Records shown:
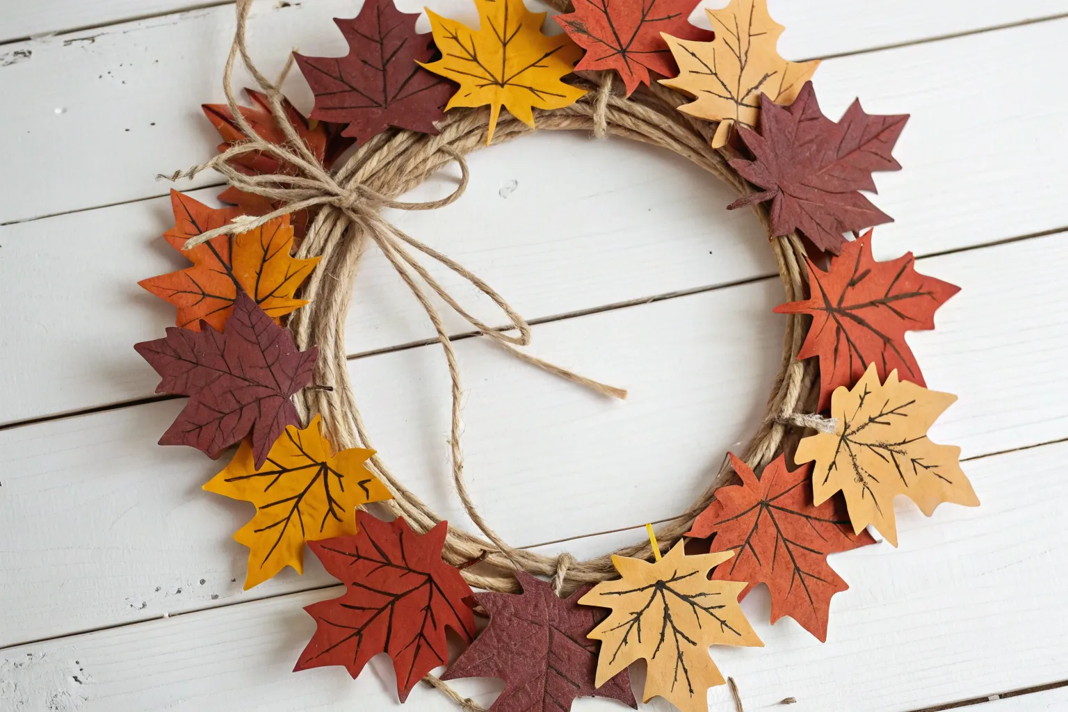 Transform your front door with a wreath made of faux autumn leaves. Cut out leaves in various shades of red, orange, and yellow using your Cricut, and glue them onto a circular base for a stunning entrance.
---
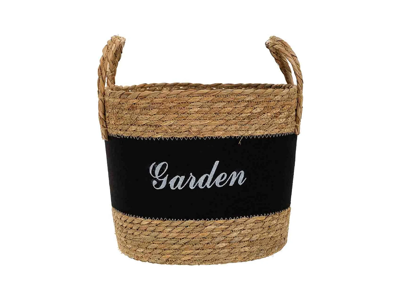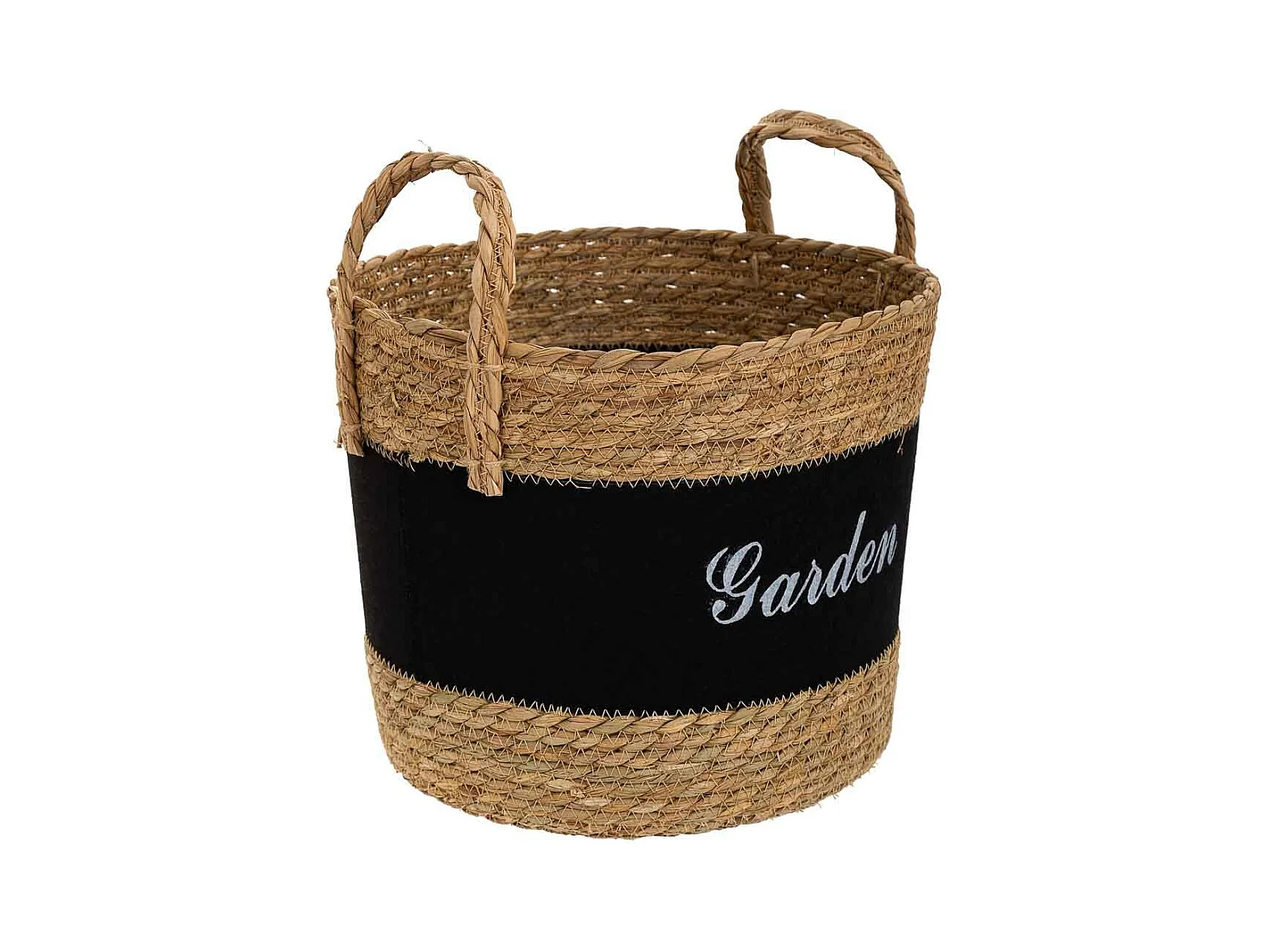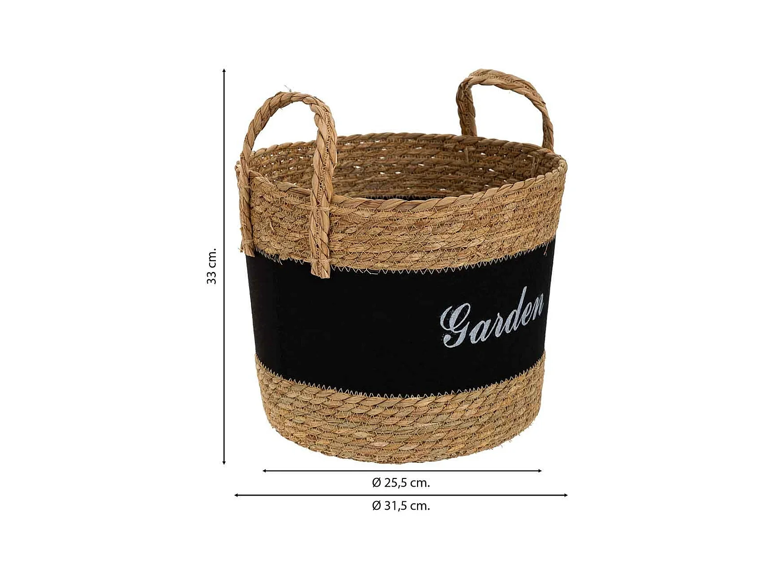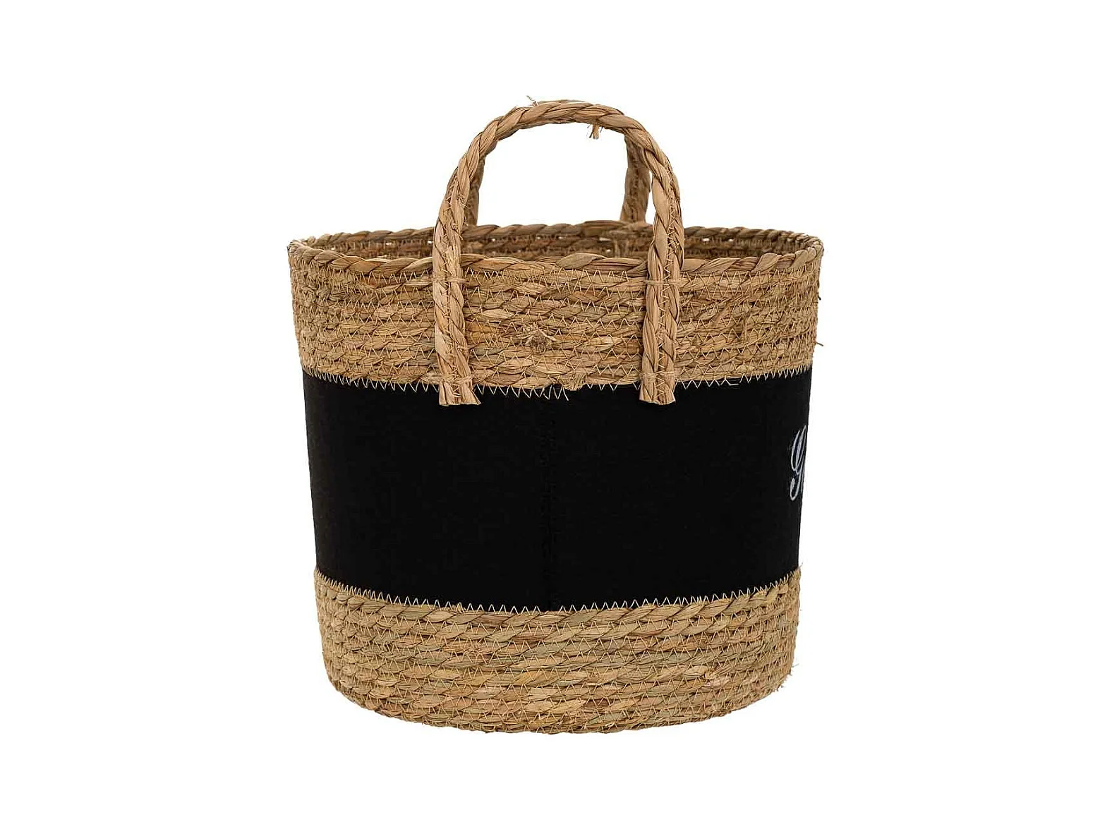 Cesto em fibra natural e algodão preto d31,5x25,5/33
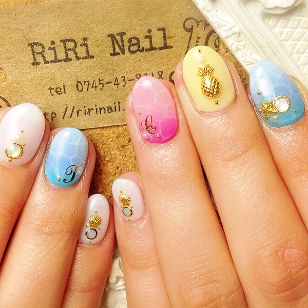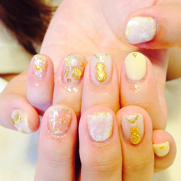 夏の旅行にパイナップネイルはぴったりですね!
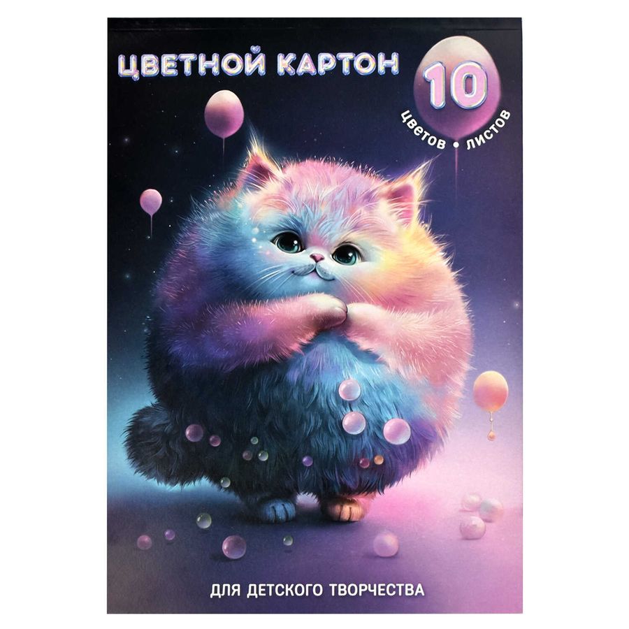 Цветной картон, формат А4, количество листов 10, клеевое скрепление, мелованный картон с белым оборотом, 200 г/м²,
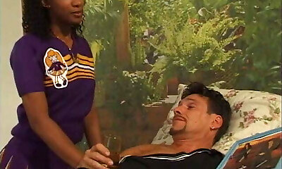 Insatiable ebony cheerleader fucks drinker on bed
* * *
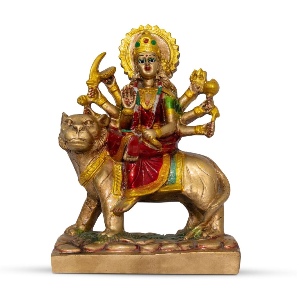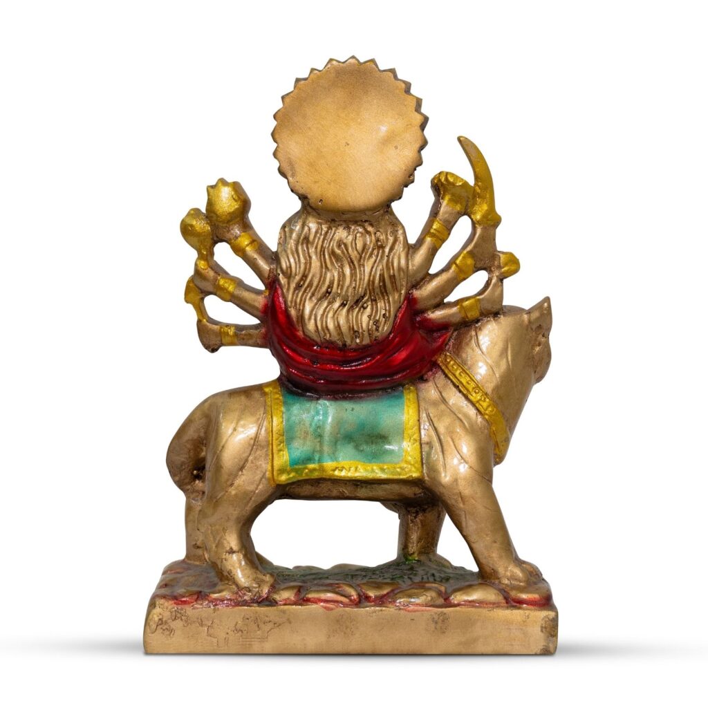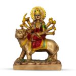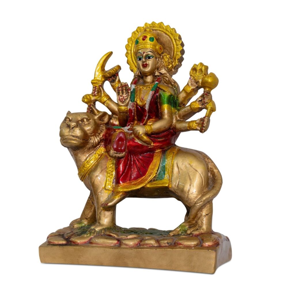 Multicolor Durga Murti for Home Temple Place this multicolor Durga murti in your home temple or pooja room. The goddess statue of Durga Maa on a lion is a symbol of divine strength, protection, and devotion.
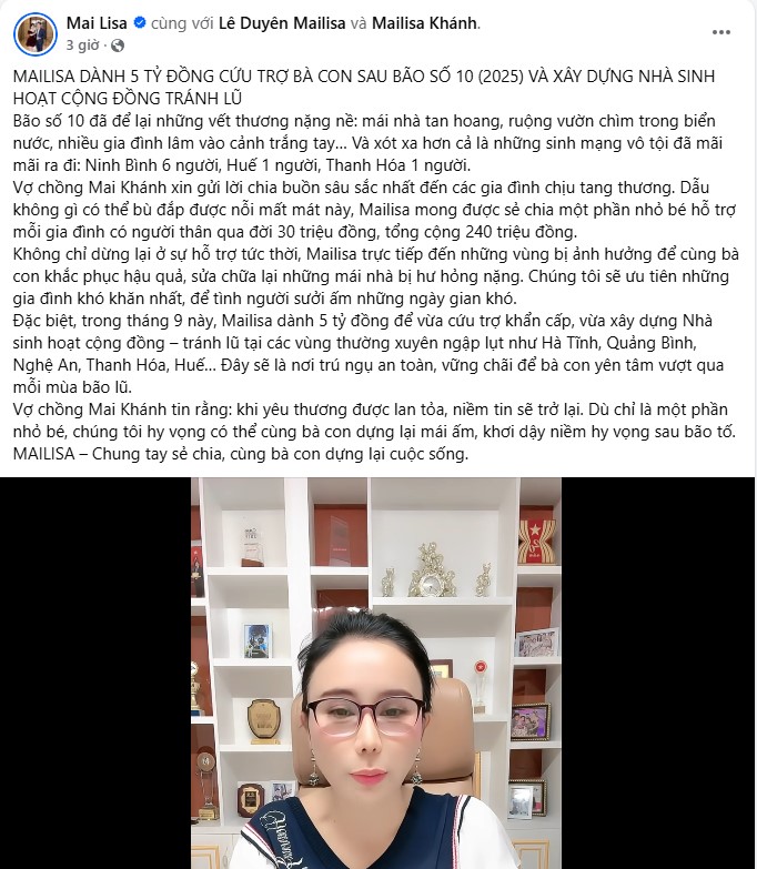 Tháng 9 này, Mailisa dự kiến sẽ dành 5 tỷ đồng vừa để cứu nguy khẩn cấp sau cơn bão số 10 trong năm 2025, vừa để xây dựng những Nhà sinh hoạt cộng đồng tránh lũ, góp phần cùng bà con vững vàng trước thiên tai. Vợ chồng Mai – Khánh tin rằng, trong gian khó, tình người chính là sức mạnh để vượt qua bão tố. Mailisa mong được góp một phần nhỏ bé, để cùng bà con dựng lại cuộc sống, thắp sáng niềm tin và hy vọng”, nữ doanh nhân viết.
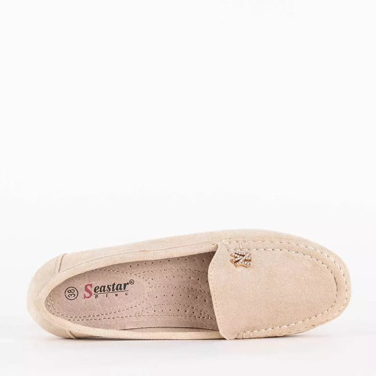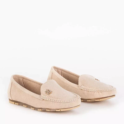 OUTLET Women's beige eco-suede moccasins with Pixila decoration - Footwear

Description of the task:
What should come back is an exact copy of the lines above from the line with "Цветной картон, формат" to the line with "Insatiable ebony cheerleader", both included, minus the pictures.

Answer space:
 Цветной картон, формат А4, количество листов 10, клеевое скрепление, мелованный картон с белым оборотом, 200 г/м²,
 Insatiable ebony cheerleader fucks drinker on bed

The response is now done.